## Information provided
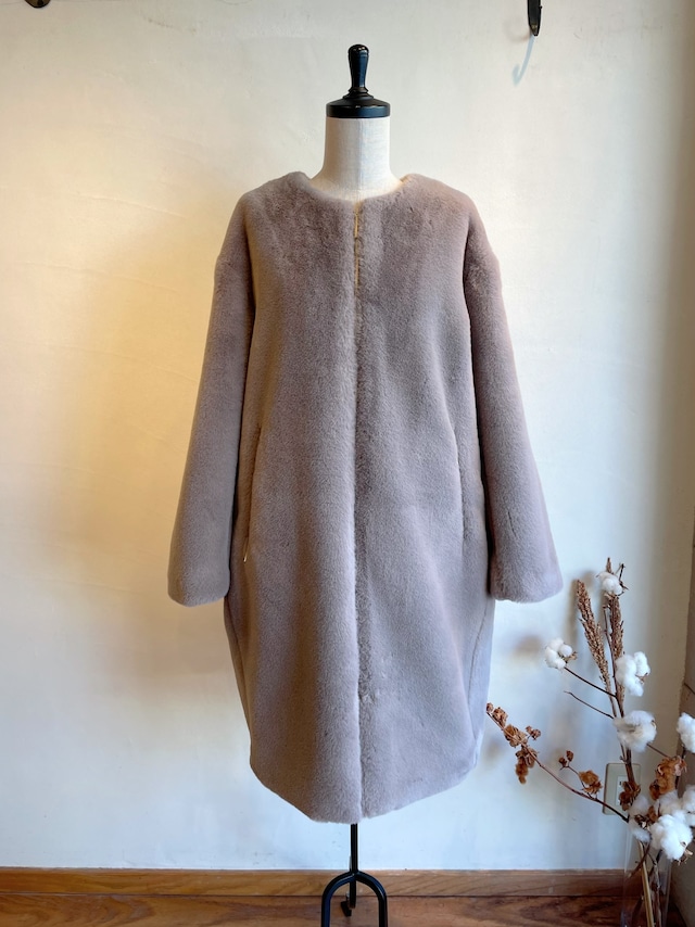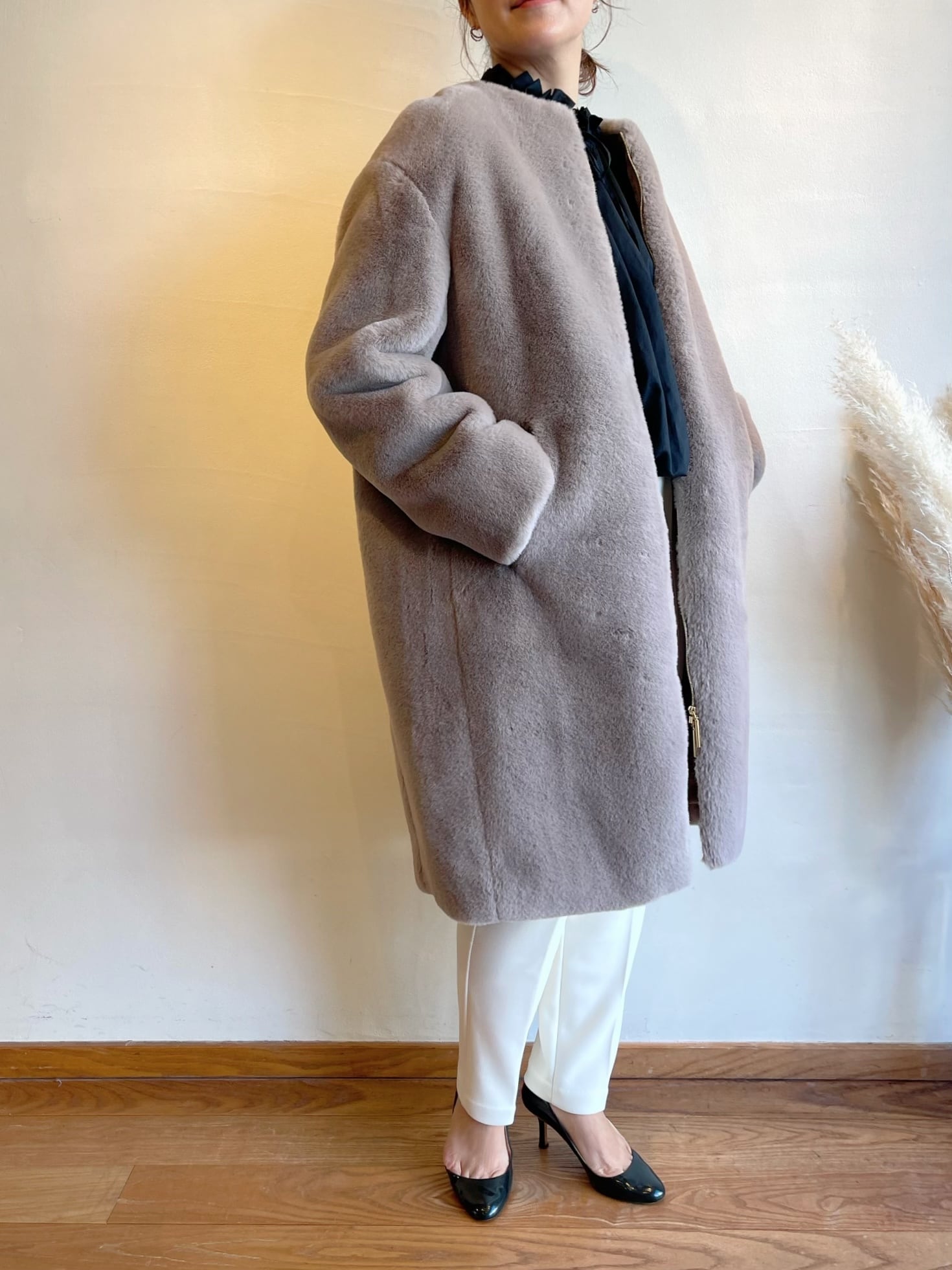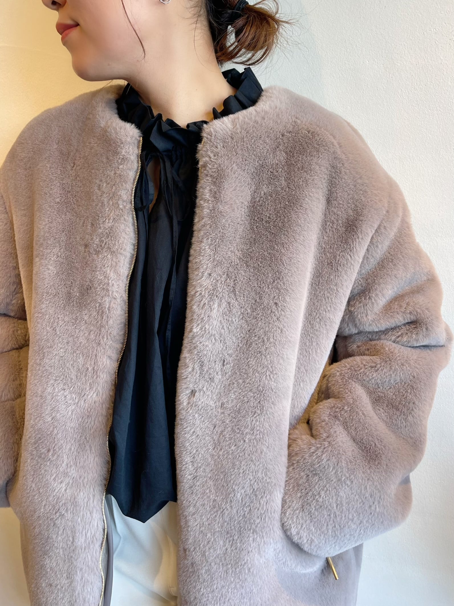 ストンと落ちるストレートなラインと肩を落としたデザインで、すっきりと上品に着こなしていただけるアイテム。ポリエステル糸を使用したラビットファー調の素材は、発色の良さと繊細なタッチが特徴。昨シーズンよりボリューム感もさらにアップし、贅沢な肌触り。
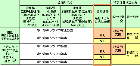 表A 特定保健指導対象者のグループ分け判定基準(特定保健指導階層化) | ||
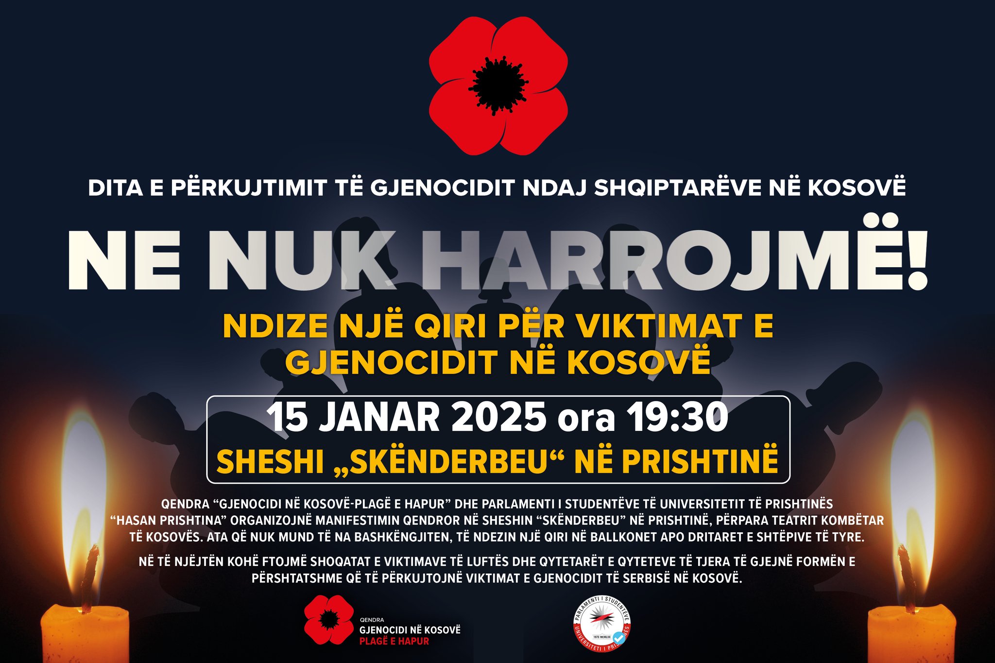 Më 15 janar, në 19:30, gjithkund në botë, do të ndizen qirinj për Ditën e Përkujtimit të Viktimave të Gjenocidit në Kosovë
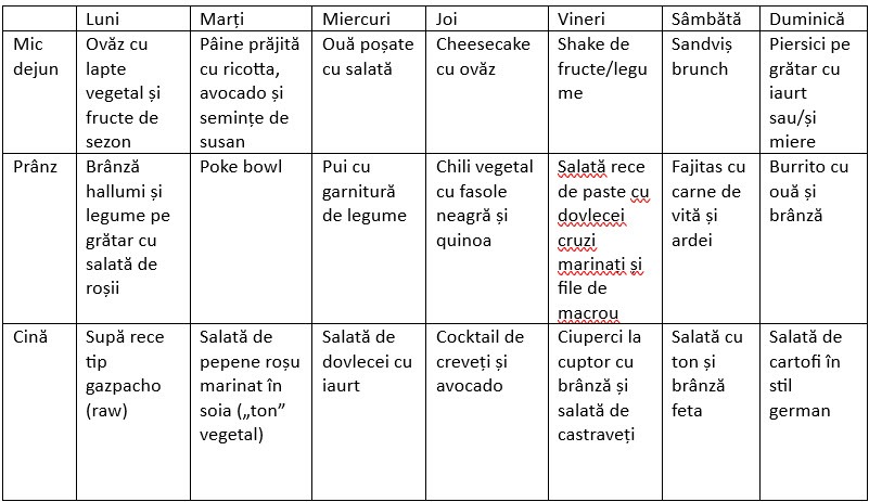 Mai jos aveți meniul pe care vi-l propunem pentru săptămâna 21-27 iulie.
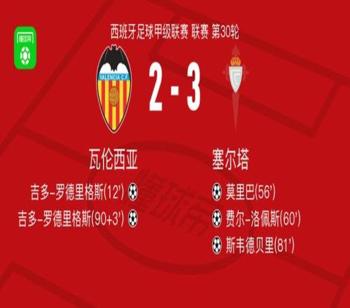 北京時(shí)間4月5日西班牙足球甲級(jí)聯(lián)賽 聯(lián)賽 第30輪,瓦倫西亞主場(chǎng)對(duì)陣塞爾塔。瓦倫西亞吉多-羅德里格斯梅開(kāi)二度。塞爾塔莫里巴破門(mén),費(fèi)爾-洛佩斯破門(mén),斯韋德貝里破門(mén)。最終比分瓦倫西亞 2-3 塞爾塔。
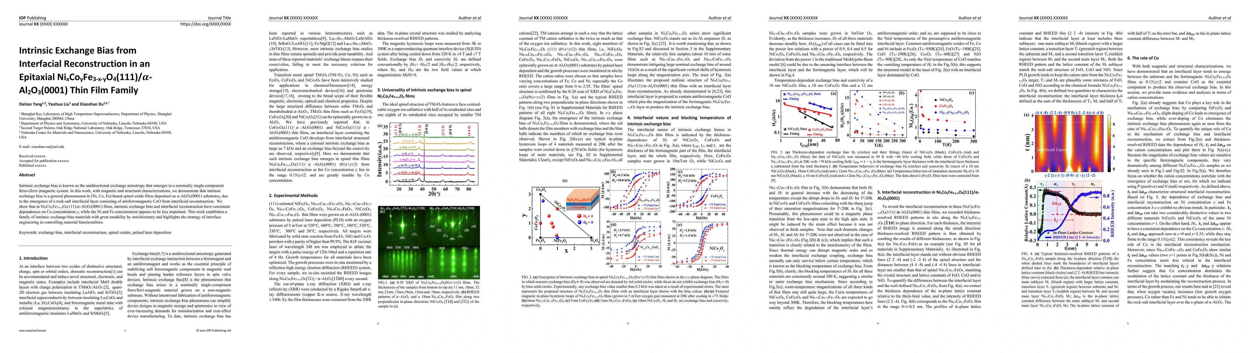 Intrinsic exchange bias up to 12.6 kOe is observed in NixCoyFe3-x-yO4(111)/{\alpha}-Al2O3(0001) (0<=x+y<=3) epitaxial thin films where 0.15<=y<=2. An interfacial layer of rock-salt structure emerges between NixCoyFe3-x-yO4 thin films and {\alpha}-Al2O3 substrates and is proposed as the antiferromagnetic layer unidirectionally coupled with ferrimagnetic NixCoyFe3-x-yO4. In NiCo2O4(111)/{\alpha}-Al2O3(0001) films, results of reflection high energy electron diffraction, X-ray photoelectron spectroscopy, X-ray reflectometry, and polarized neutron reflectometry support that the interfacial layer is antiferromagnetic NixCo1-xO (0.32<=x<=0.49) of rock-salt structure; the interfacial layer and exchange bias can be controlled by growth oxygen pressure revealing the key role of oxygen in the mechanism of the interfacial reconstruction. This work establishes a family of intrinsic exchange bias materials with great tunability by stoichiometry and growth parameters and emphasizes the strategy of interface engineering in controlling material functionalities.
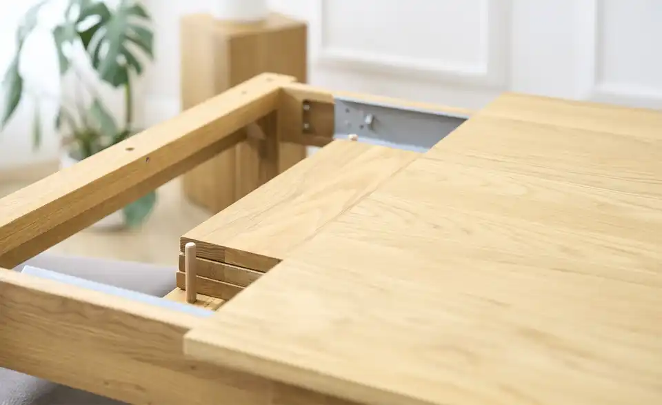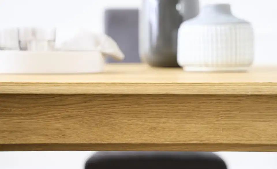 - AusführungTischplatte mit durchgehender Massivholzlamelle

## Work instruction
Every line of the data is to be transcribed exactly, and no picture is to be included.

## Response area
 ストンと落ちるストレートなラインと肩を落としたデザインで、すっきりと上品に着こなしていただけるアイテム。ポリエステル糸を使用したラビットファー調の素材は、発色の良さと繊細なタッチが特徴。昨シーズンよりボリューム感もさらにアップし、贅沢な肌触り。
 表A 特定保健指導対象者のグループ分け判定基準(特定保健指導階層化) | ||
 Më 15 janar, në 19:30, gjithkund në botë, do të ndizen qirinj për Ditën e Përkujtimit të Viktimave të Gjenocidit në Kosovë
 Mai jos aveți meniul pe care vi-l propunem pentru săptămâna 21-27 iulie.
 北京時(shí)間4月5日西班牙足球甲級(jí)聯(lián)賽 聯(lián)賽 第30輪,瓦倫西亞主場(chǎng)對(duì)陣塞爾塔。瓦倫西亞吉多-羅德里格斯梅開(kāi)二度。塞爾塔莫里巴破門(mén),費(fèi)爾-洛佩斯破門(mén),斯韋德貝里破門(mén)。最終比分瓦倫西亞 2-3 塞爾塔。
 Intrinsic exchange bias up to 12.6 kOe is observed in NixCoyFe3-x-yO4(111)/{\alpha}-Al2O3(0001) (0<=x+y<=3) epitaxial thin films where 0.15<=y<=2. An interfacial layer of rock-salt structure emerges between NixCoyFe3-x-yO4 thin films and {\alpha}-Al2O3 substrates and is proposed as the antiferromagnetic layer unidirectionally coupled with ferrimagnetic NixCoyFe3-x-yO4. In NiCo2O4(111)/{\alpha}-Al2O3(0001) films, results of reflection high energy electron diffraction, X-ray photoelectron spectroscopy, X-ray reflectometry, and polarized neutron reflectometry support that the interfacial layer is antiferromagnetic NixCo1-xO (0.32<=x<=0.49) of rock-salt structure; the interfacial layer and exchange bias can be controlled by growth oxygen pressure revealing the key role of oxygen in the mechanism of the interfacial reconstruction. This work establishes a family of intrinsic exchange bias materials with great tunability by stoichiometry and growth parameters and emphasizes the strategy of interface engineering in controlling material functionalities.
 - AusführungTischplatte mit durchgehender Massivholzlamelle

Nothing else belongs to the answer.